Induction of the graft-versus-leukemia (GvL) effect in the absence of graft-versus-host disease (GvHD) by CD4+ T-cells directed against DM-sensitive antigens will be tested in murine models of allogeneic bone marrow transplantation both in a minor and a major mismatch setting. Using H2-O (murine HLA-DO) knock-out and transgenic mice as well as wild type mice as recipient strains will allow us to determine the role of the tissue-specific expression of H2-O for induction of GvL effect and GvHD. In addition, we aim to unravel regulation of HLA-DO expression in human cells. Finally, we will test effects of HLA-DO regulators on GvL effect and GvHD.
HLA-DPB1 mismatch antigens occur in allogeneic HSCT from unrelated donors and represent powerful leukemia rejections antigens, which can be efficiently targeted by T cells that have been genetically reprogrammed with allo-HLA-DPB1 specific T-cell receptors (TCR-DP). In this project we will develop an approach that allows for efficient and safe TCR-DP gene therapy in allogeneic HSCT. Special emphasis will be placed on the prevention of treatment-induced HLA-DP-specific alloreactivity to non-hematopoietic tissues (e.g. by „ON-Switch“ TCR or TCR-RNA transfer) and on the development of a novel humanized mouse model that enables the pre-clinical testing of this approach.
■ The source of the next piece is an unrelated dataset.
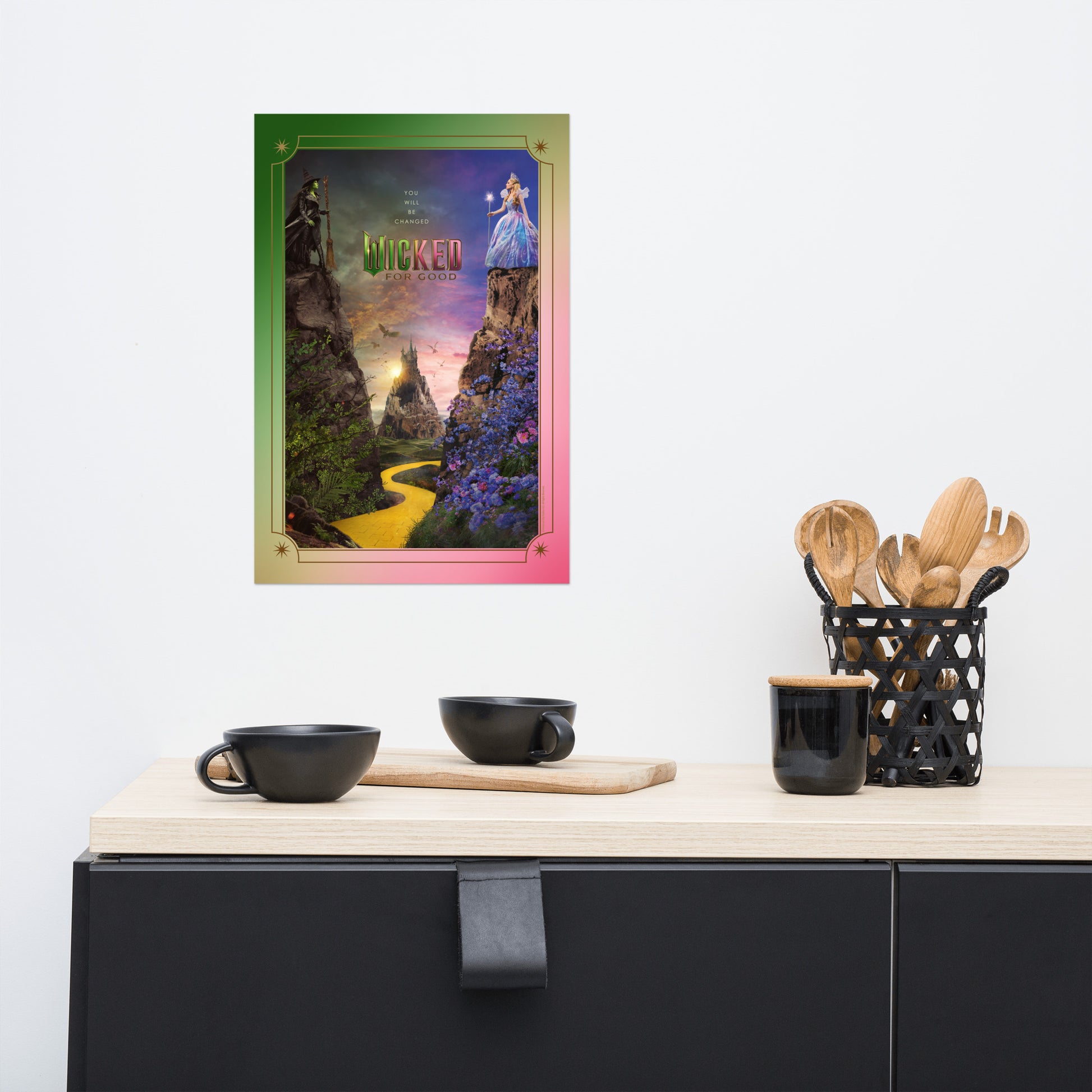 Bring home the magic of the finale with the Wicked: For Good Key Art Poster. This poster features a high-quality print of the key art from the second installment of the movie. It's the perfect piece of decor for any fan who wants to remember the climactic ending of Elphaba and Glinda's story.
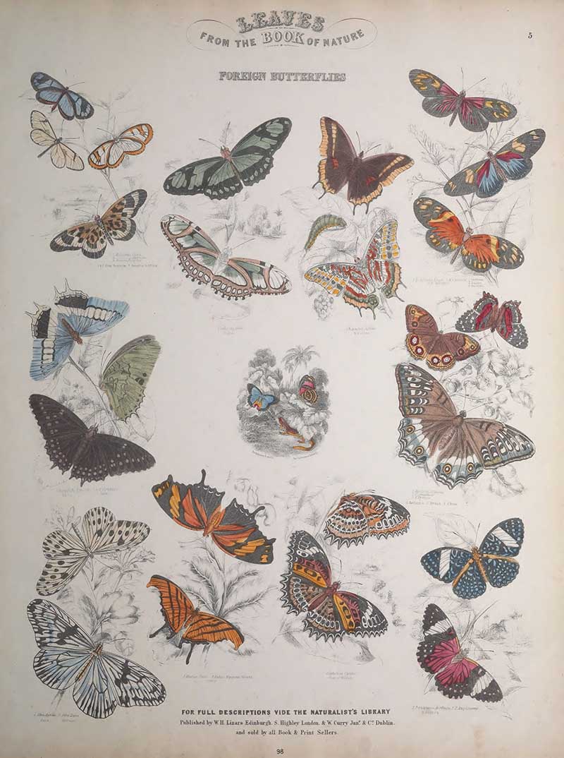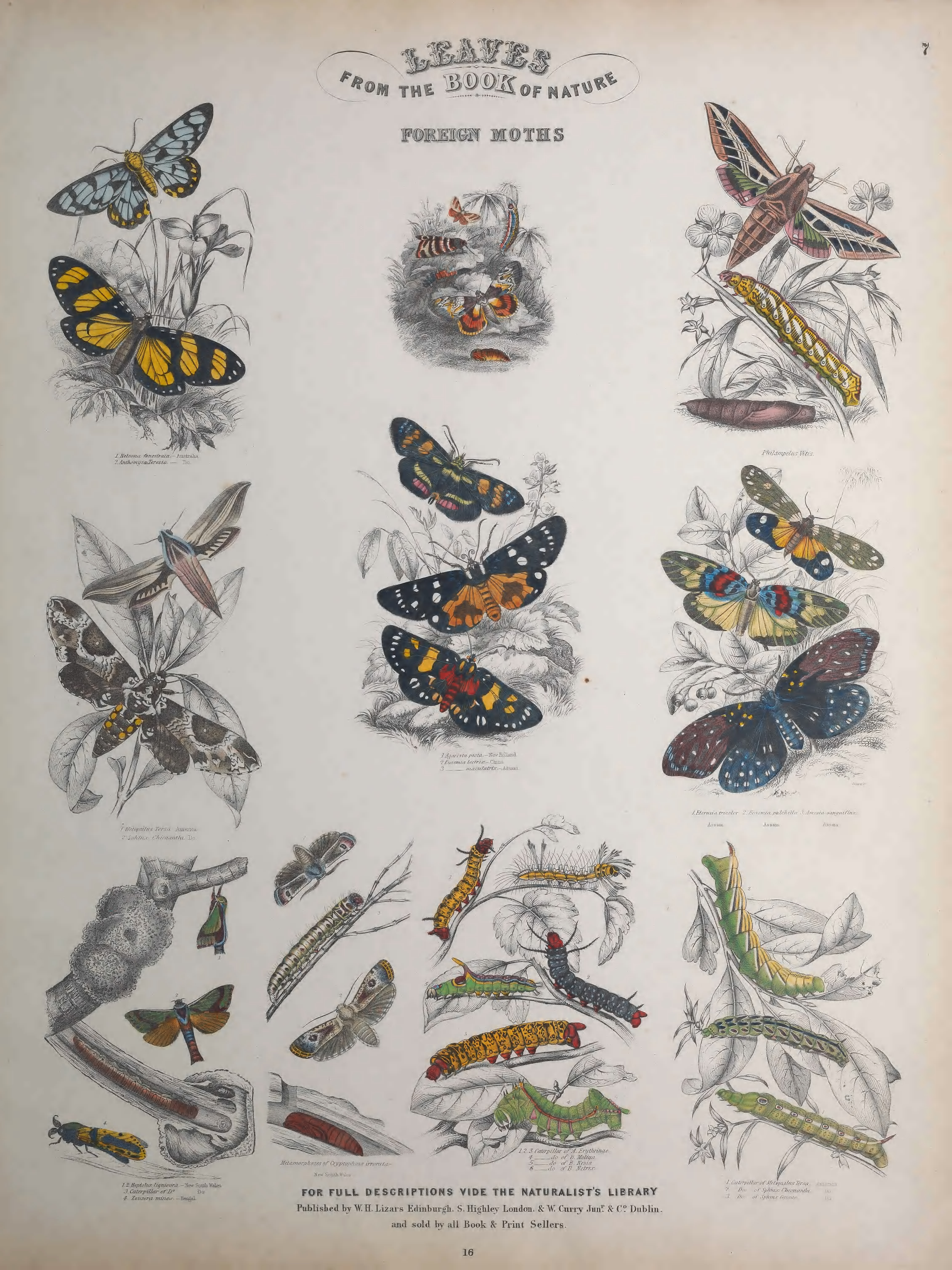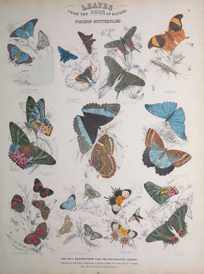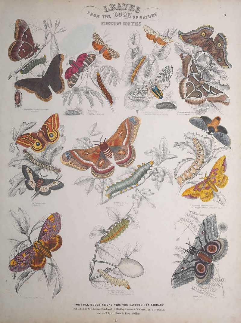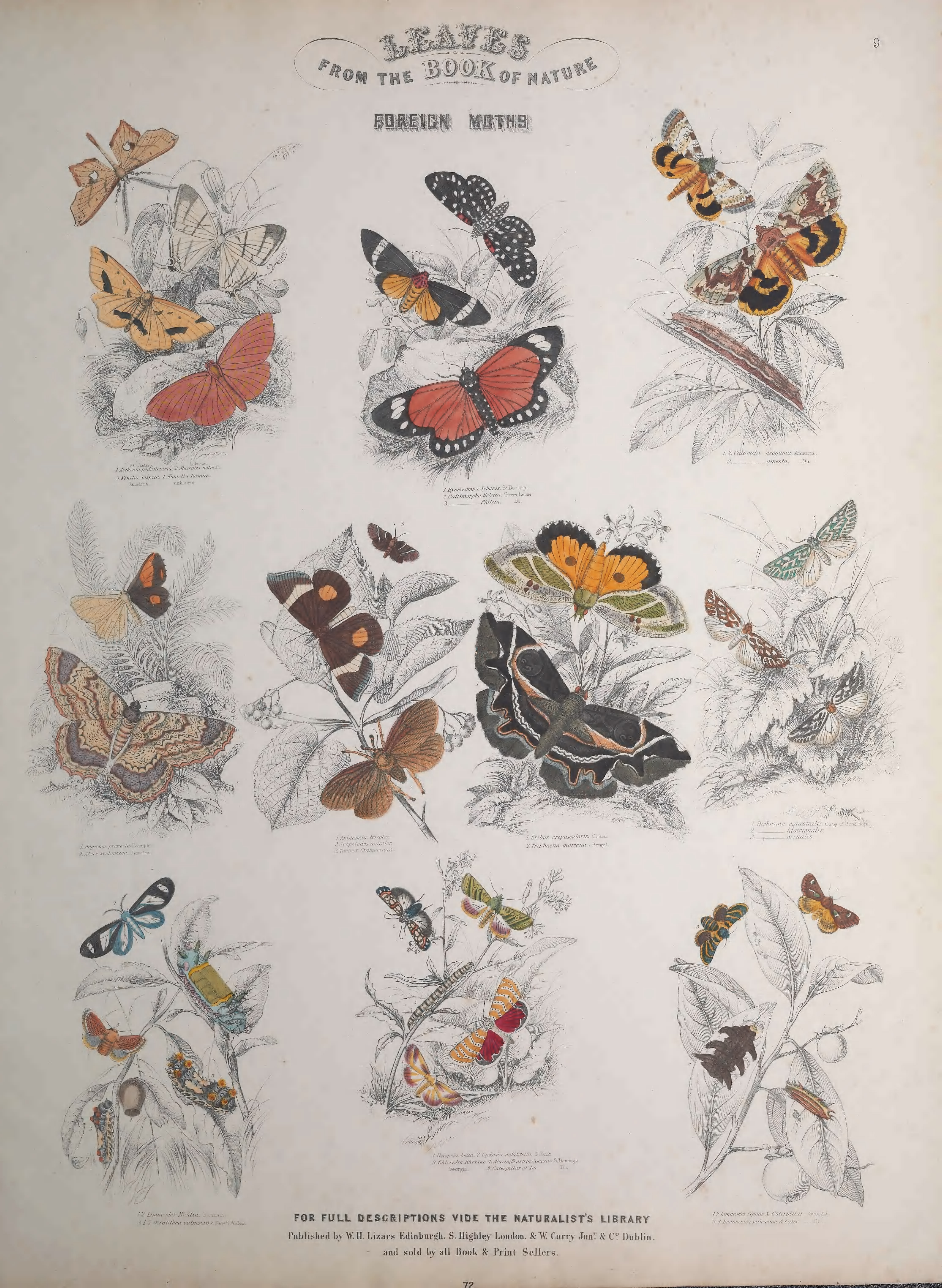 The next set of prints focuses on foreign butterflies and moths, highlighting species found beyond Europe. There are three plates of butterflies and three of moths, each offering a closer look at the remarkable variety in wing patterns, shapes, and colours across different regions. These illustrations capture both the elegance and complexity of these insects, giving a sense of just how diverse the world of lepidoptera can be.

In this project, we apply the chimeric antigen receptor (CAR) technology to augment the GvL effect of HSCT. CARs are synthetic designer receptors that redirect the specificity of T cells to recognize malignant cells. We will pursue two novel CAR targets, i.e. FLT3 in acute myeloid leukemia and SLAMF7 in multiple myeloma, and apply cutting-edge strategies to increase their efficacy (e.g. through metabolic arming) and safety (e.g. with enhanced suicide genes). To avoid GvHD, we will generate CMV-specific (endogenous TCR) CAR-T cells and employ novel in vivo models to evaluate their ability to concomitantly battle against leukemia/myeloma and CMV infection.
We aim to develop novel bi-molecular hemibody constructs that address antigen combinations instead of single target molecules for high precision immunotherapy in the context of allogeneic HSCT. In a first step, we opt to improve the biochemical properties of the constructs focusing on stability, solubility and producibility. In a second step, we will establish humanized NSG mouse models to investigate pharmacokinetics and the specific requisites of dual antigen targeting, mimicking the clinical situation of leukemia patients undergoing allogeneic HSCT.
We hypothesize that oxidative stress confers immunological “hits” that predispose for leukemia relapse. The reconstituting donor immune system, which is fundamental for the GvL effect, is negatively impacted by oxidative stress. Our project addresses the importance of redox-balance after allo-HSCT. We will assess oxidative stress and its impact on immune reconstitution and function in allo-HSCT patients. We will test interventions for improving the T-cells’ anti-oxidative capacities together with other key functional properties. Our goal is to identify novel redox biomarkers predicting relapse risk that will allow us the rational design of targeted redox modulation for relapse prevention.
Relapse after alloHSCT is frequently associated with poor survival in patients with advanced B-cell malignancies. In order to investigate curative options for those patients, we are conducting in collaboration with the US National Cancer Institute (NCI) a first in human trial employing donor-derived CD19-CAR TSCMcells. In this project, we plan to perform a comprehensive and detailed immunomonitoring comparing TSCM-enriched CAR T cell products to conventional donor-derived CAR T cells from a prior NCI study conducted on a similar subset of patients. In particular, we will investigate potential benefits of the TSCM cell platform in terms of CAR T cell expansion, long-term persistence, CAR T cell functionality, safety profile and alloreactivity. Finally, by using retroviral insertion and TCR clonotype analyses, we will assess the differentiation trajectory of CD19-CAR and untransduced TSCMcells to determine how CAR signaling affect their self-renewal and multipotency.
The impact of selective and timed activation or inhibition of the type I interferon inducing cGAS / STING pathway during the course of allo-HSCT and its influence on the GvL effect as well as donor T cell activation and differentiation remains unknown. Using selective receptor ligands and inhibitors, and a combination of advanced in vivo models of leukemia and lymphoma, allogeneic transplantation models, and next-generation sequencing approaches, we aim to unravel the consequences of timed cGAS/STING activation / inhibition during allo-HSCT.